Matsya Purana — Origin of Soma
आशास्तं मुमुचुर्गर्भम् अशक्ता धारणे ततः समादायाथ तं गर्भम् एकीकृत्य चतुर्मुखः //
āśāstaṃ mumucurgarbham aśaktā dhāraṇe tataḥ samādāyātha taṃ garbham ekīkṛtya caturmukhaḥ //
Unable to sustain the embryo, they released that consecrated foetus; thereafter Caturmukha (four-faced Brahmā), taking up that embryo, unified it into a single whole.
It emphasizes creation through a “garbha” (cosmic seed/embryo): when others cannot sustain it, Brahmā gathers and consolidates it, reflecting an ordered reconstitution of life after instability (a common Purāṇic creation motif often paired with pralaya–recreation cycles).

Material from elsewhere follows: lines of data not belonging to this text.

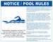 Pool rules signs help ensure the safety of those using and enjoying the pool by establishing clear expectations and guidelines that must be followed. This is critical to prevent accidents, both minor and major. Pool rules signs list the most important rules for swimmers as defined by state, local or federal guidelines. These rules specify proper use of the pool including hygiene, hours of operation, diving rules among others. Most states require posting of pool rules signs at all commercial pools. These signs are essential to limiting liability for pool owners and lifeguards.
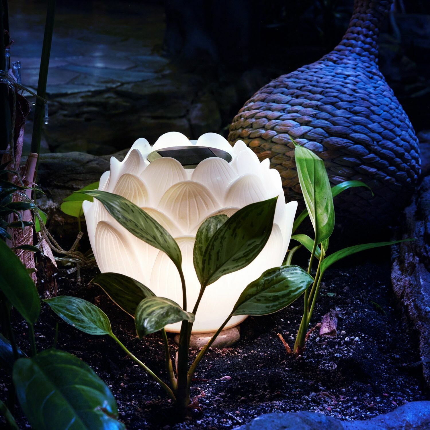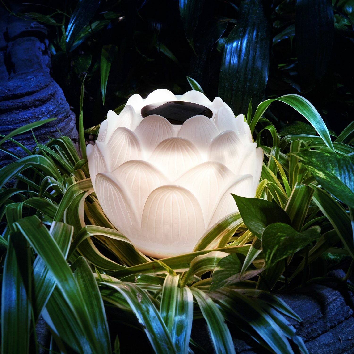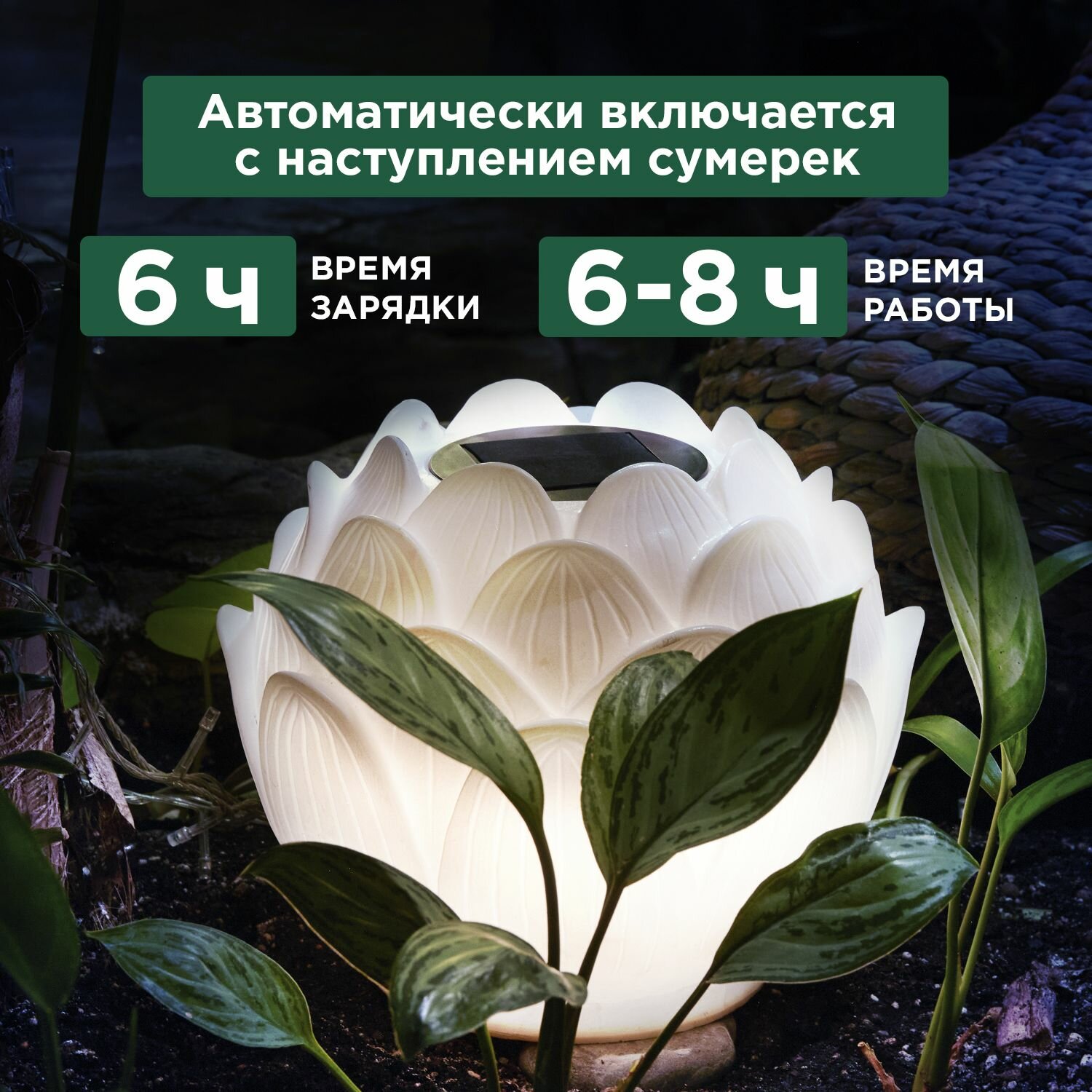 Купить Светильник садовый на солнечной батарее Лотос - Пекин 3000К 15 см для сада, дачи, белый цветок Rexant
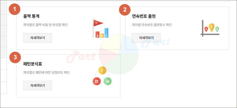 번호에도 홀짝이 있죠. 이러한 홀짝의 비율과 번호합의 확인, 회차별 연속으로 추첨된 번호의 출현 횟수 확인, 회차별 패턴 확인도 할 수 있고요.
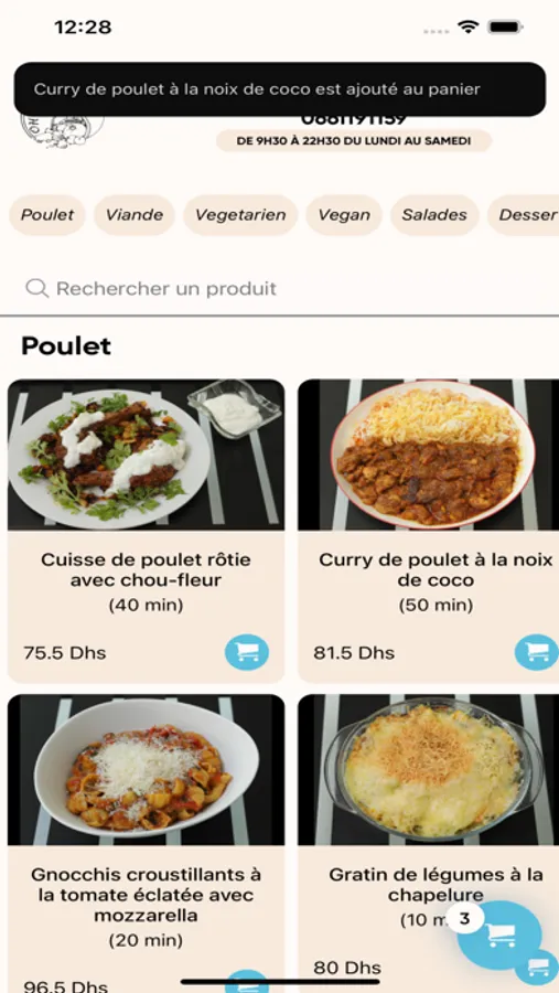 Nous vous garantissons une livraison rapide une hygiène incontournable et un service à la hauteur de vos exigences. Ouvert du lundi au samedi de 9h30 jusqu’à 22h30, ajoutez au panier ce qui vous fera plaisir, allant d’une sélection d’entrées et de plats, jusqu’aux desserts les plus raffinés, tout ceci est conçu et préparé aux petits soins que pour vous satisfaire et vous faire plaisir.

By analogy, it highlights dhāraṇa (sustaining responsibility): when a burden cannot be borne, a competent authority must stabilize and integrate what is scattered—an ethical model for rulers/householders to preserve order, lineage, and social continuity.
While not explicitly about Vāstu, the key idea is ekīkaraṇa (consolidation into a unified form), a principle echoed in ritual and icon/structure formation: scattered elements are ritually “made one” into a stable, consecrated whole.